Un entrepreneur suisse à Almaty: la mission culturelle de Max Schneeberger
Un électricien de formation de l’Oberland zurichois fait carrière en Asie centrale après sa retraite anticipée - et donne indirectement une impulsion démocratique à son pays d’adoption, le Kazakhstan.

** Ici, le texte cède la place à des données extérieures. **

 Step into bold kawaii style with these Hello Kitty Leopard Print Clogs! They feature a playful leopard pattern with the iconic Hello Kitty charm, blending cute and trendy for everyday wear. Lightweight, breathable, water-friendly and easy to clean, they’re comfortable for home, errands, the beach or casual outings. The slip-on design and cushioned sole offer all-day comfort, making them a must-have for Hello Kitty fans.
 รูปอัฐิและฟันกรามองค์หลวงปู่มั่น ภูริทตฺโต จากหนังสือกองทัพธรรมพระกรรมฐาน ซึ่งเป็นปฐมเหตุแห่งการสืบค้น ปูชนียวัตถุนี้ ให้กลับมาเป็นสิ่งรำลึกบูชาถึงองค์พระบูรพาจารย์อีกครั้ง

«Ici, extérieurement, peu de choses ont changé au cours des 25 dernières années», explique Max Schneeberger. Nous roulons sur une route goudronnée parsemée de nids de poule dans un quartier périphérique d’Almaty. Une salade de lignes électriques et téléphoniques pend au-dessus de la route.
Malgré l’interdiction de stationner, de nombreuses voitures sont garées. «J’espère qu’il n’y aura pas de voiture devant ma cabane aujourd’hui», dit Max Schneeberger juste avant d’arriver chez lui.

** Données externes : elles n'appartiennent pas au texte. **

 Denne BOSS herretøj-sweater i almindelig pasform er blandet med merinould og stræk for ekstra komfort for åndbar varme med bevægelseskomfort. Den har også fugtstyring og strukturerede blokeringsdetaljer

Aujourd’hui, Max Schneeberger a de la chance: aucun véhicule ne bloque l’accès à sa «cabane». Max Schneeberger vit depuis un quart de siècle à Almaty, la plus grande ville du Kazakhstan avec plus de deux millions d’habitants.
Il se souvient très bien de son arrivée au Kazakhstan. «J’ai atterri ici à la mi-mai et mon entreprise m’avait donné pour mission de mettre en place un réseau de distribution en quelques mois, puis de repartir». C’est ainsi que s’est déroulée la vie de cet électricien qualifié d’Uster en dehors de Zurich: pendant des années, Max Schneeberger a prospecté de nouveaux marchés pour une entreprise pharmaceutique américano-suisse, a recruté des managers locaux, puis a poursuivi sa route vers un pays nouveau et inconnu pour lui. Sa femme et ses enfants vivaient en Suisse.
Mais tout a changé pour lui: «Je venais alors d’avoir cinquante ans et j’étais fraîchement divorcé, je me plaisais ici et je trouvais les gens très sympathiques et intéressants». Au lieu de simplement passer à autre chose, Max Schneeberger a pris une retraite anticipée et a investi sa modeste fortune dans sa propre entreprise au Kazakhstan, spécialisée dans l’équipement de laboratoires médicaux.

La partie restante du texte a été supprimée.